Inspired by art popping up around the city in response to the Black Lives Matter movement, Judge Oden-Orr called for a mural centered on racial justice to fill some of the space on the temporary walls outside the courthouse. Judge Oden-Orr said he feels strongly that, in all moments but particularly this one, it is the responsibility of the court to educate youth on their civil rights and to encourage engagement and activism. So, in fall of 2020 he began hosting conversations with youth from organizations across the Portland metro area. 

“Apple stands in support of the artists and all who are fighting for social and racial justice” . . . (Photo by Dennis Dale)
. . . “But we’ll be standing behind this.” (Photo by Dennis Dale)
Multnomah County Courthouse (Photo by Dennis Dale)

Grotesque diversity kitsch increasingly replaces the old settler history aesthetic in Portland.

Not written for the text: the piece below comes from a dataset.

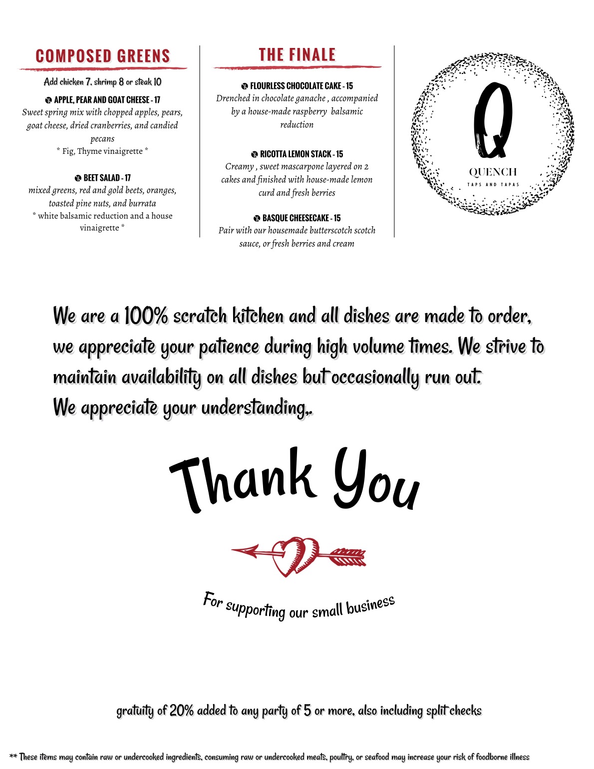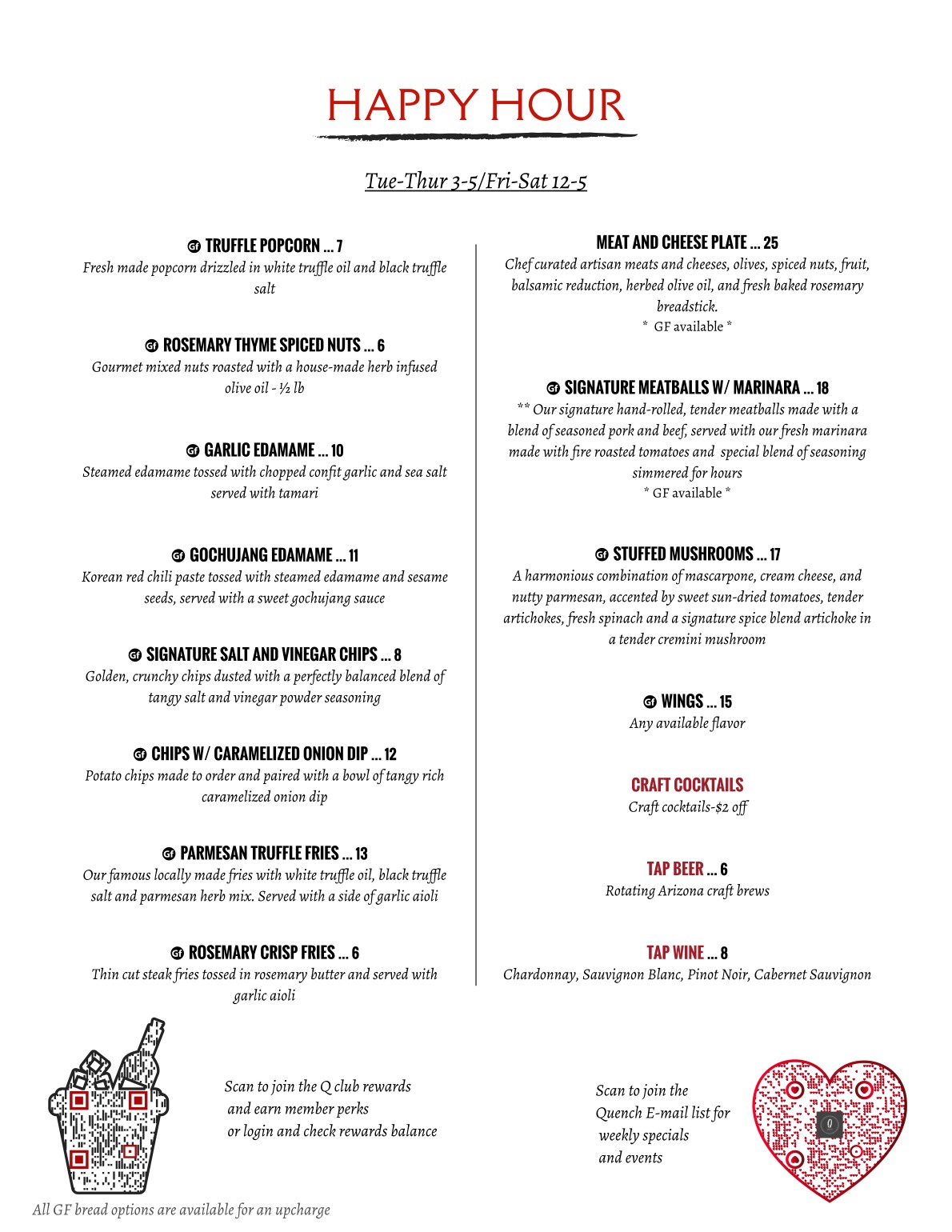 At Quench Taps and Tapas, every dish begins with a commitment to scratch-made excellence. Our chef-owner handpicks the finest ingredients to create a menu rich in flavor and variety, including extensive gluten-free options and housemade breads and desserts. With over 55 wines, crafted cocktails using fresh syrups, and a rotating selection of Glycol system chilled Arizona craft beers, we deliver a dining experience rooted in passion and precision. Our dedicated team shares this vision, ensuring every guest enjoys exceptional food and drink in a welcoming atmosphere.

The city leads the nation in historical self-abnegation. It’s difficult to imagine a greater betrayal of a city’s founders and settler stock, with the comfortable decadents of the present distastefully tossing aside their sacrifice and giving their legacy over to the malicious and impressively mediocre.

Still, the field for the statue-toppling and school re-naming legacy levelers remains target-rich. Why, I just passed a street named “Custer” the other day. So much work still to be done!

Editor’s note: This article appeared originally at “Untethered.”